Siguió adelante, hacia donde estaban los montículos y las rocas, y empezó a desviarse hacia el sur, hacia el lateral de la planta de reciclaje. El muro de metal seguía y seguía. Debía de tener unos cuatro metros de altura y estaba construido como en cuña a partir de lo que parecían techos de coches viejos. Cada panel tenía una ligera curva convexa que creaba la sensación de que el muro estaba acolchado. El cilindro de casi dos metros que coronaba el muro parecía hecho del mismo material, pero daba la impresión de que lo hubieran moldeado prensas gigantes hasta darle el contorno adecuado, y de quse después lo hubieran soldado de una sola pasada, sin costuras. Para acabar, habían pintado aquella estructura de blanco brillante.

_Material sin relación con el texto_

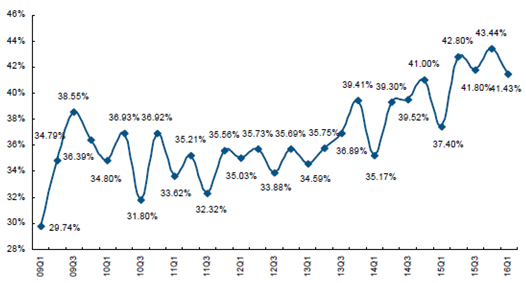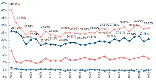 2015 年四季度老板電器毛利率同比下滑0.02 個百分點,華帝股份則同比提升3.79 個百分點;而2016 年一季度老板電器毛利率提升2.07 個百分點,而華帝毛利率則提升3.81 個百分點;我們判斷在產品結構改善及電商收入占比提升等因素驅動下廚電龍頭毛利率仍有一定提升空間。
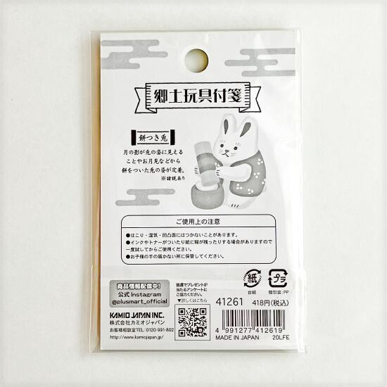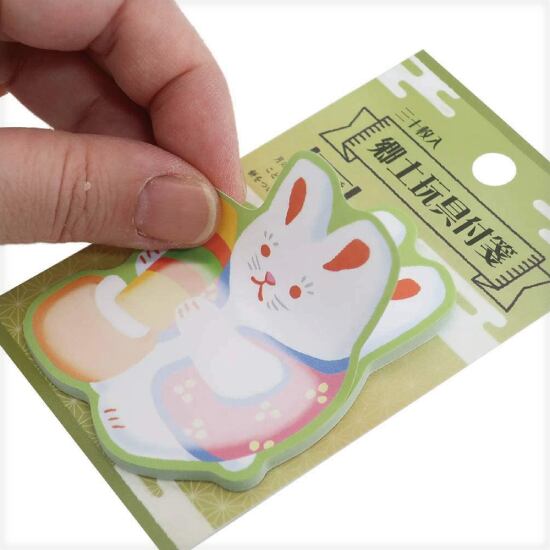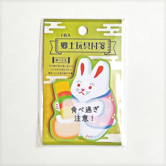 一生懸命お餅をつく姿がいじらしい、郷土玩具の「餅つき兎」をかたどった可愛い付箋。眺めるだけで心が和みます。プレゼントにひと言メッセージを添えたり、文字を書かずに栞やシールとして使っても。
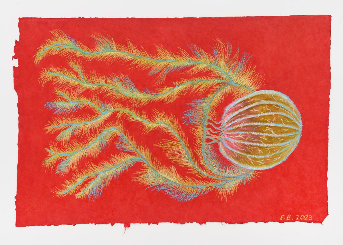 Vernisáž výstavy. Výstava Divný bytosti představuje cyklus imaginativních kreseb Eriky Bornové, v nichž se divák noří do světa, který je současně krásný i lehce znepokojivý. Autorka zde obrací svou pozornost k životu skrytému v hlubinách oceánů – k organismům, jejichž tvary a struktury jsou pro lidské oko téměř neviditelné, a přesto fascinující svou složitostí i křehkostí. Bornová se volně inspiruje rostlinami a těly bezobratlých vodních živočichů, které existují na hranici viditelnosti – v temnotě moří, v mikroskopickém měřítku, v prostorech, kam lidská zkušenost dosahuje jen zprostředkovaně. Podivuhodné struktury podmořských organismů se v jejích obrazech proměňují v jakýsi snový přírodopis, v němž se prolíná vědecké pozorování s imaginací a volným výtvarným gestem. Tvary se větví, pulsují, rozrůstají se do jemných ornamentů, a působí téměř jako živé. Technika akrylu a olejového pastelu na papíře umožňuje autorce pracovat s tlumenými, měkkými barevnými polohami. Díla tak působí, jako bychom je pozorovali skrze vodní sloupec, v rozptýleném světle, které do hlubin proniká jen v náznacích. Barvy se zde neprosazují silou, ale tichým zářením, jaké známe z podmořských krajin – z míst, kde se světlo mění v chvění a tvar v pomalý pohyb. Cyklus Divný bytosti lze číst také jako citlivou reakci na současnost. V době, kdy se svět stále více přesouvá do digitálních struktur a umělých obrazů, obrací Bornová pozornost k přírodě – k jejímu tajemství, nepředvídatelnosti a nekonečné variabilitě. Pohybujeme se zde mezi krásou a neklidem, mezi poznáním a tajemstvím, mezi tím, co lze pojmenovat, a tím, co lze pouze vnímat. A právě v této nejisté, proměnlivé zóně se rodí zvláštní, podmanivá poetika.

Reacher tardó veintiséis minutos en recorrer el otro largo de la planta de reciclaje, que medía más de kilómetro y medio. En la esquina suroeste descubrió por qué los Tahoes tardaban más tiempo en aparecer. Había un segundo complejo amurallado; otro rectángulo gigantesco de tamaño similar. Estaba construido siguiendo un eje que iba de noreste a suroeste y que no estaba alineado con la planta de reciclaje. Su esquina noreste estaba a unos cincuenta metros de la esquina suroeste de la planta. Había huellas de rodadas que indicaban que los Tahoes también patrullaban aquel complejo, dando pasadas y más pasadas a través de aquel cuello de botella de cincuenta metros, para, a continuación, describir un ocho gigante y distorsionado. De pronto, Reacher quedaba expuesto. Su posición era buena en relación con el primer complejo, pero no tan buena en relación con el segundo. El Tahoe que iba en el sentido de las agujas del reloj iba a pasar por el cuello de botella y a girar bastante cerca de él. Reacher se retiró hacia el oeste en busca de una roca tras la que parapetarse. Llegó hasta una zona un poco hundida y rodeada de maleza.

Entonces, oyó ruedas sobre la tierra arenosa.

Se echó al suelo bocabajo y observó.